# Classification Metrics Theory
**Chapter Status**: ✅ 100% Working (All metrics verified)
| ✅ Working | 4+ | All verified in src/metrics/mod.rs |
| ⏳ In Progress | 0 | - |
| ⬜ Not Implemented | 0 | - |
*Last tested: 2025-11-19*
*Aprender version: 0.3.0*
*Test file: src/metrics/mod.rs tests*
---
## Overview
Classification metrics evaluate how well a model predicts discrete classes. Unlike regression, we're not measuring "how far off"—we're measuring "right or wrong."
**Key Metrics**:
- **Accuracy**: Fraction of correct predictions
- **Precision**: Of predicted positives, how many are correct?
- **Recall**: Of actual positives, how many did we find?
- **F1 Score**: Harmonic mean of precision and recall
**Why This Matters**:
Accuracy alone can be misleading. A spam filter with 99% accuracy that marks all email as "not spam" is useless. We need precision and recall to understand performance fully.
---
## Mathematical Foundation
### The Confusion Matrix
All classification metrics derive from the **confusion matrix**:
```text
Predicted
Pos Neg
Actual Pos TP FN
Neg FP TN
TP = True Positives (correctly predicted positive)
TN = True Negatives (correctly predicted negative)
FP = False Positives (incorrectly predicted positive - Type I error)
FN = False Negatives (incorrectly predicted negative - Type II error)
```
### Accuracy
**Definition**:
```text
Accuracy = (TP + TN) / (TP + TN + FP + FN)
= Correct / Total
```
**Range**: [0, 1], higher is better
**Weakness**: Misleading with imbalanced classes
**Example**:
```text
Dataset: 95% negative, 5% positive
Model: Always predict negative
Accuracy = 95% (looks good!)
But: Model is useless (finds zero positives)
```
### Precision
**Definition**:
```text
Precision = TP / (TP + FP)
= True Positives / All Predicted Positives
```
**Interpretation**: "Of all items I labeled positive, what fraction are actually positive?"
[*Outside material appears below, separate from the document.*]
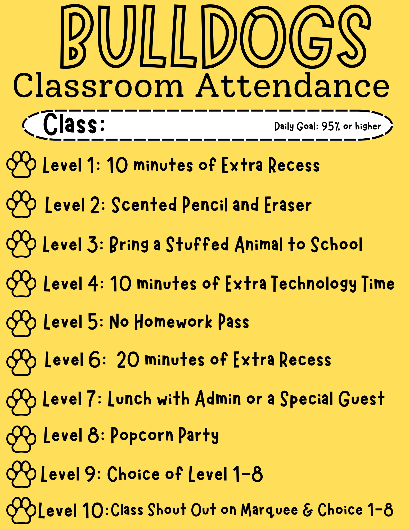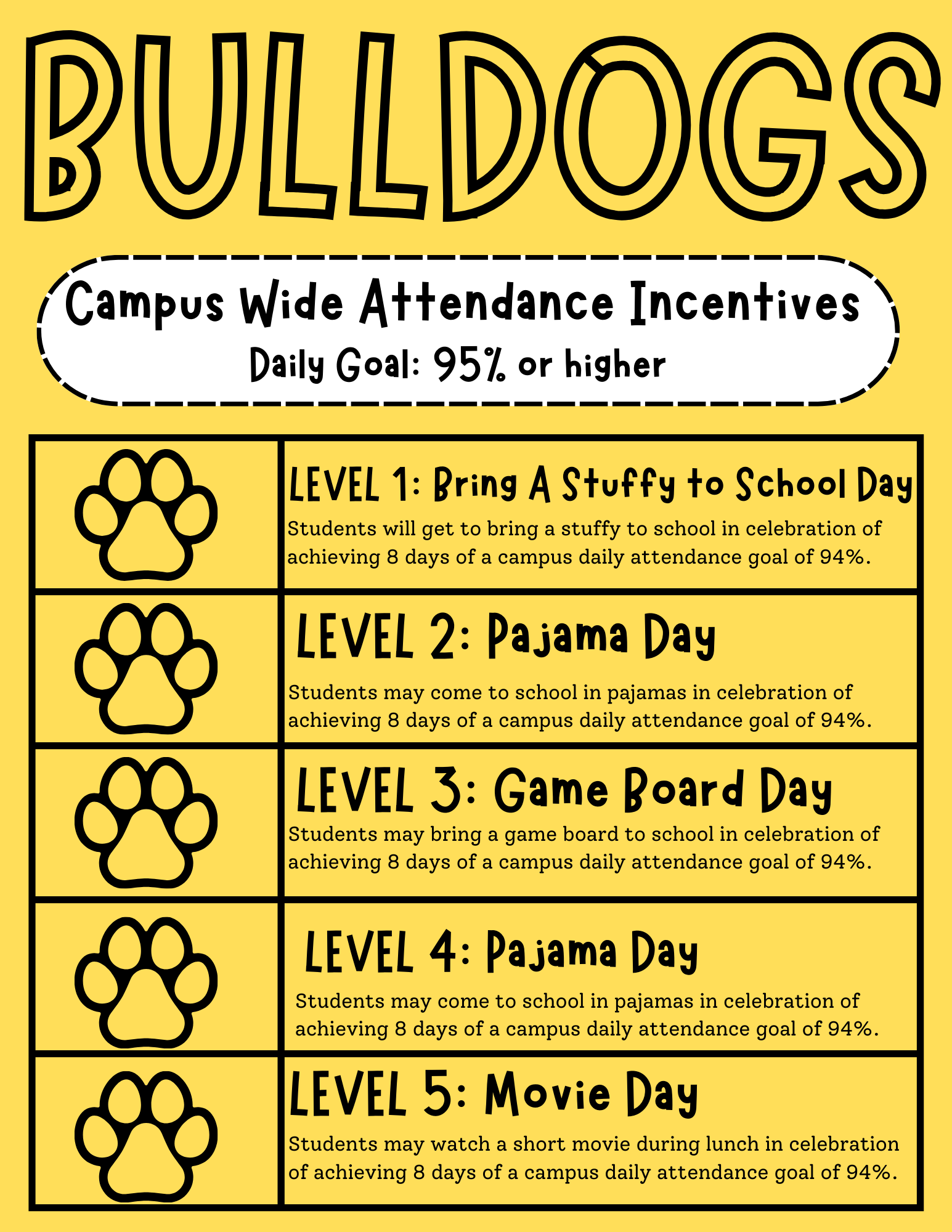 Take a look below! We are currently working as campus to LEVEL UP to Level 4 and earn a Pajama Day!

**Use Case**: When false positives are costly
- Spam filter marking important email as spam
- Medical diagnosis triggering unnecessary treatment
### Recall (Sensitivity, True Positive Rate)
**Definition**:
```text
Recall = TP / (TP + FN)
= True Positives / All Actual Positives
```
**Interpretation**: "Of all actual positives, what fraction did I find?"
**Use Case**: When false negatives are costly
- Cancer screening missing actual cases
- Fraud detection missing actual fraud
### F1 Score
**Definition**:
```text
F1 = 2 * (Precision * Recall) / (Precision + Recall)
= Harmonic mean of Precision and Recall
```
**Why harmonic mean?** Punishes extreme imbalance. If either precision or recall is very low, F1 is low.
**Example**:
- Precision = 1.0, Recall = 0.01 → Arithmetic mean = 0.505 (misleading)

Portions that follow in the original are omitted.